Hoge Raad, 11-12-2015, ECLI:NL:HR:2015:3542, 15/01415
Hoge Raad, 11-12-2015, ECLI:NL:HR:2015:3542, 15/01415
Gegevens
- Instantie
- Hoge Raad
- Datum uitspraak
- 11 december 2015
- Datum publicatie
- 11 december 2015
- ECLI
- ECLI:NL:HR:2015:3542
- Formele relaties
- In cassatie op : ECLI:NL:GHARL:2015:1158
- Zaaknummer
- 15/01415
Inhoudsindicatie
HR: 81.1 RO.
Uitspraak
11 december 2015
Nr. 15/01415
Arrest
gewezen op het beroep in cassatie van [X] te [Z] (hierna: belanghebbende) tegen de uitspraak van het Gerechtshof Arnhem-Leeuwarden van 17 februari 2015, nr. 13/00878, op het hoger beroep van belanghebbende tegen een uitspraak van de Rechtbank Arnhem (nr. AWB 11/1877) betreffende de aan belanghebbende voor het jaar 2007 opgelegde aanslag in de inkomstenbelasting/premie volksverzekeringen.
1 Geding in cassatie
Belanghebbende heeft tegen ’s Hofs uitspraak beroep in cassatie ingesteld en daarbij een aantal klachten aangevoerd.
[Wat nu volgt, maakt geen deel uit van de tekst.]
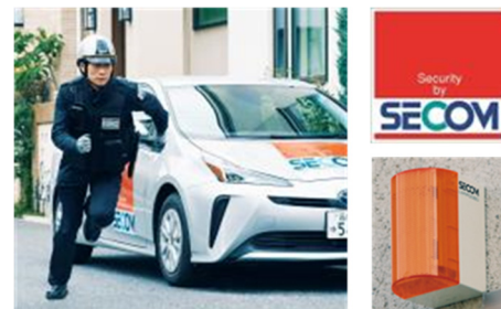
「セコム・ホームセキュリティ※2」

また、スマートフォン※10を使用して遠隔で警備のセット解除が可能です。まち全体でホームセキュリティを導入することで、防犯意識が高まり、安心して永く暮らせる環境を実現します。
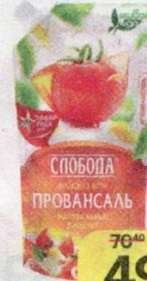
Майонез СЛОБОДА , Провансаль, 67%, 216 г

De Staatssecretaris van Financiën heeft een verweerschrift ingediend.
Belanghebbende heeft een conclusie van repliek ingediend.
2 Beoordeling van de klachten
De klachten kunnen niet tot cassatie leiden. Dit behoeft, gezien artikel 81, lid 1, van de Wet op de rechterlijke organisatie, geen nadere motivering, nu de klachten niet nopen tot beantwoording van rechtsvragen in het belang van de rechtseenheid of de rechtsontwikkeling.
3 Proceskosten
De Hoge Raad acht geen termen aanwezig voor een veroordeling in de proceskosten.